*** Given information ***

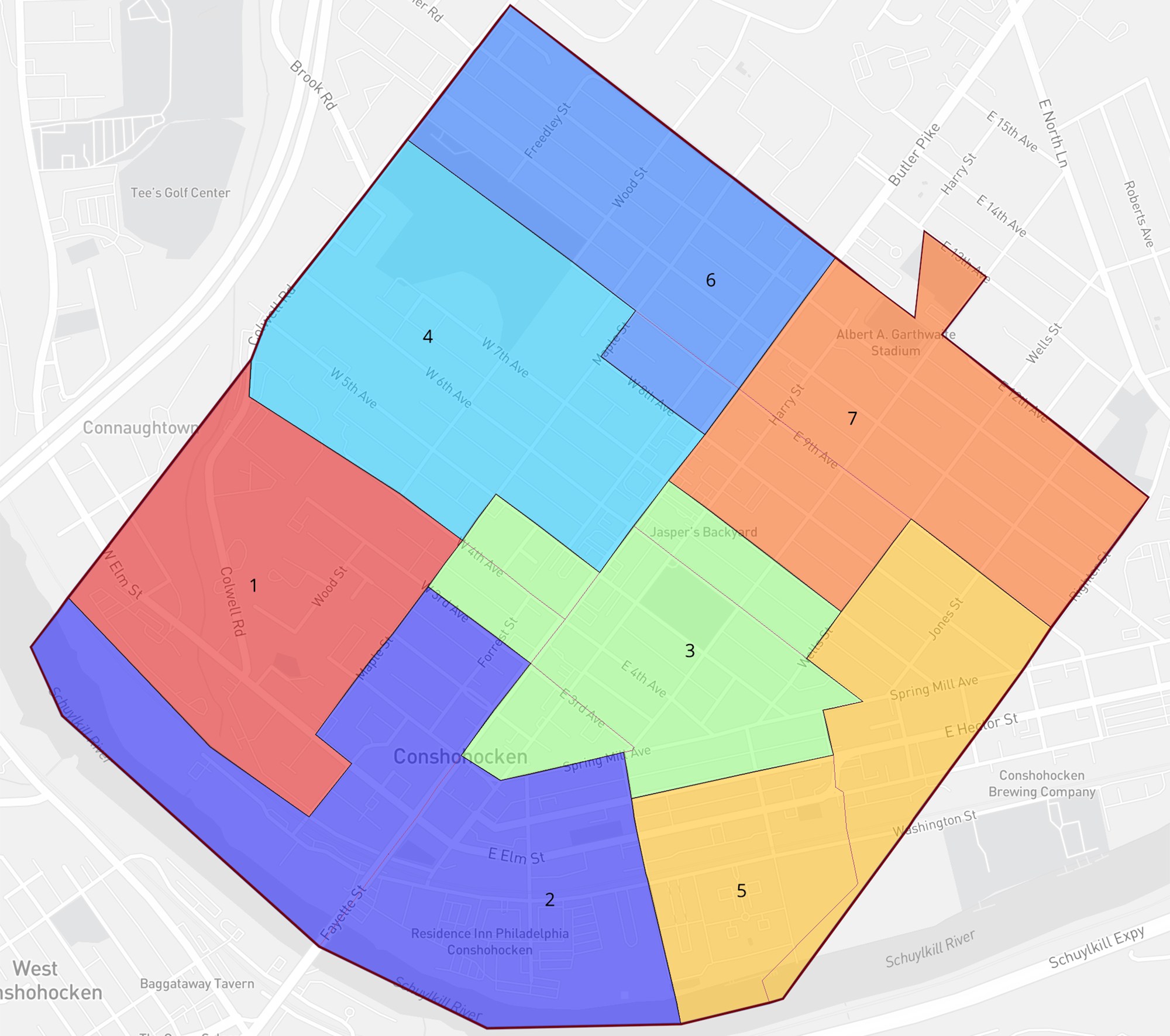 For additional information regarding the Redistricting Task Force, please visit the Borough website at https://www.conshohockenpa.gov/government/citizen-boards-commissions/redistricting-task-force/.
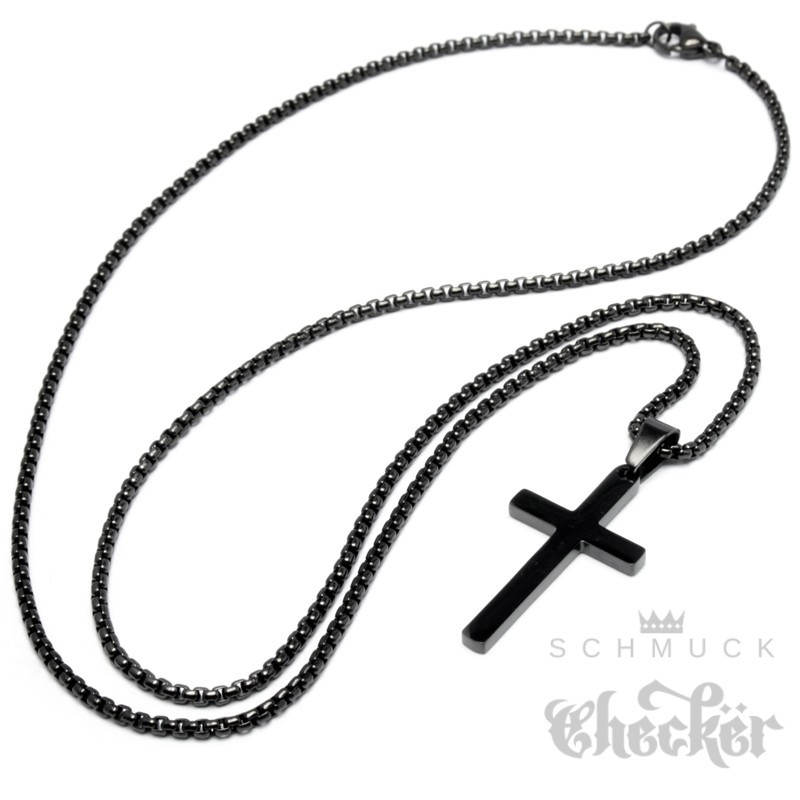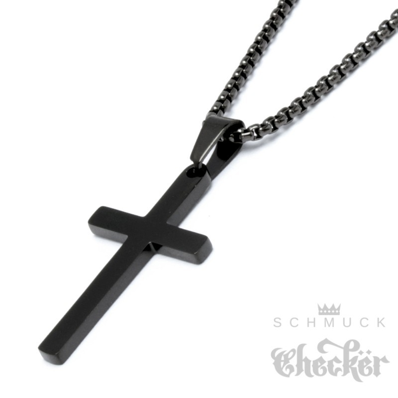 Kleines Kreuz aus Edelstahl schwarz schlicht Anhänger Herren Schmuck + Halskette
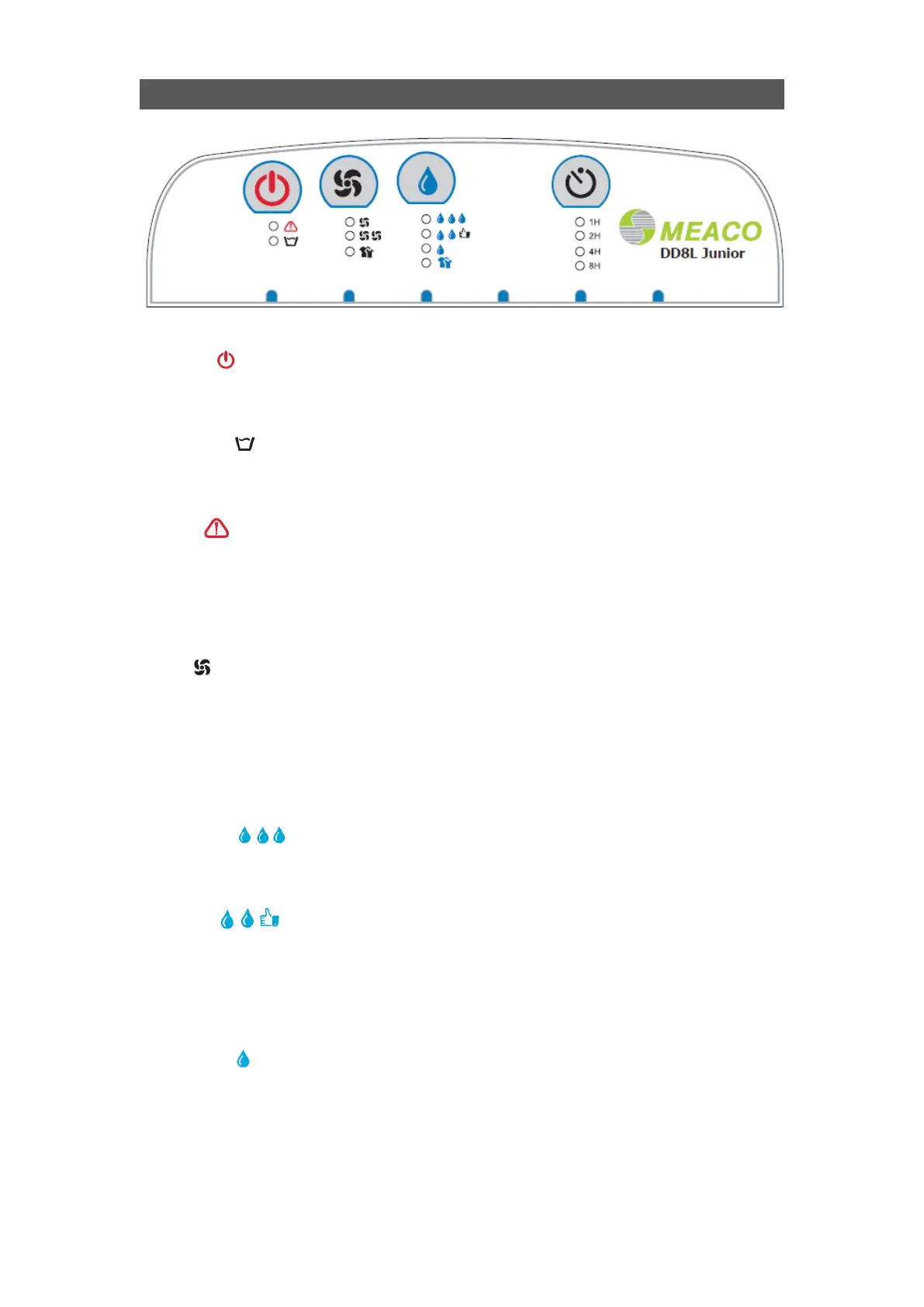 Power - Lights up when there is power to the dehumidifier, the unit bleeps three

***

About this task -
When you copy the listing, keep every line exactly as it is but leave out all images.

Answer to this exercise -
 For additional information regarding the Redistricting Task Force, please visit the Borough website at https://www.conshohockenpa.gov/government/citizen-boards-commissions/redistricting-task-force/.
 Kleines Kreuz aus Edelstahl schwarz schlicht Anhänger Herren Schmuck + Halskette
 Power - Lights up when there is power to the dehumidifier, the unit bleeps three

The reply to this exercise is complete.